The startup’s lidar is also relatively cheap to make because it uses some of the same materials and manufacturing processes as computer chips. The sensors, which are small enough to be embedded in car headlights, can be used in advanced driver-assistance systems and will be integrated into autonomous vehicles by 2021.

15. Vestas Wind Systems (Aarhus, Denmark)

In recent months, Vestas cemented its position as the world’s largest wind turbine supplier and edged ahead of General Electric to lead the market in the United States.

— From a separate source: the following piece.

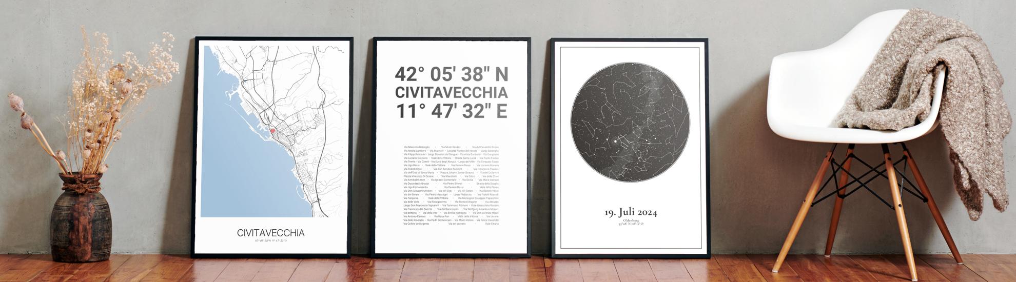 Wähle Farben und Layouts, die perfekt zu dir passen. Ob als klassische Karte in schwarz-weiß oder in modernen Farben. Bei Cartida kannst du ein Design in deinen Lieblingsfarben wählen. Erstelle eine Variante von Civitavecchia, die perfekt zu dir und deiner Wohnung passt.

Overall, it added nearly 6,500 megawatts of capacity in the second half of last year, according to Navigant Research.

The Danish wind giant also quadrupled its net income in the most recent quarter, marking its 14th profitable quarter in a row. The company is now looking to make investments in energy storage, an effort to expand wind power’s market and potential.

16. Apple (Cupertino, CA)

Did you get the iPhone X? Well, that’s definitely not the only reason this company made the list. Derided of late for a lack of innovative new products and tepid customer response to Apple Pay and the Apple Watch, Apple has launched a Siri-enabled speaker called HomePod to compete with Amazon’s Alexa-equipped Echo speaker. It’s also begun to tout its AI chops, including acknowledging its work on autonomous-driving systems.

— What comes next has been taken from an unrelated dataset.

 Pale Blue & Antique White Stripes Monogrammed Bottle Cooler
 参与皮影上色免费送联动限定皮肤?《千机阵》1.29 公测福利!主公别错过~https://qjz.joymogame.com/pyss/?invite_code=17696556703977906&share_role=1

For some time Apple has been quietly hiring some impressive robotics and AI talent for its project, and its history of smart design and smooth integration of hardware and software may prove valuable assets.

17. Merck (Kenilworth, NJ)

This pharma giant has one of the most successful immunotherapies on the market, Keytruda. Following a big jump in the number of lung cancer patients being tested to see if they would benefit from the treatment, sales are predicted to grow significantly.

Keytruda has been approved in testing in some people who have not had chemotherapy, putting it a step ahead of rivals in immunotherapy.

18. Carbon (Redwood, CA)

Using its process for rapidly printing objects with high-performance polymers like polyurethanes and epoxies, four-year-old Carbon is pursuing an approach fundamentally different from other methods of 3-D printing, which put down layers of plastic one at a time.

The company says this technology enables it to print polymer objects rapidly, in some cases thousands of times faster than other 3-D printers, and use a wider range of materials, including rubber-like elastomers and durable, hard plastics. Carbon has a growing number of clients, including Adidas (No. 38), which is using its technology to manufacture elastomer midsoles for athletic shoes. Other customers are using it to print parts for electric motorcycles, server farms, and cooling systems, all of which have been difficult to make with other methods.

19. Desktop Metal (Burlington, MA)

With nearly $100 million from VC firms, GE, Alphabet, and others, this startup is trying to use 3-D printing, a technology that has focused on plastics, to reinvent how we make the metal parts essential to much of manufacturing.

Making this kind of printing easy and cost-effective is a challenge, but Desktop Metal has laid out the pricing for its products, a promising indication of progress toward commercialization. Its first offering, including a printer and sintering furnace, will cost $120,000. Its full production system, to begin shipping in 2018, will cost $420,000. Renting is also an option.

20. Ionis Pharmaceuticals (Carlsbad, CA)

Along with Biogen, Ionis developed Spinraza, a novel type of drug called an RNA therapeutic. Approved in 2016, it combats spinal muscular atrophy, a condition difficult to treat successfully with existing options.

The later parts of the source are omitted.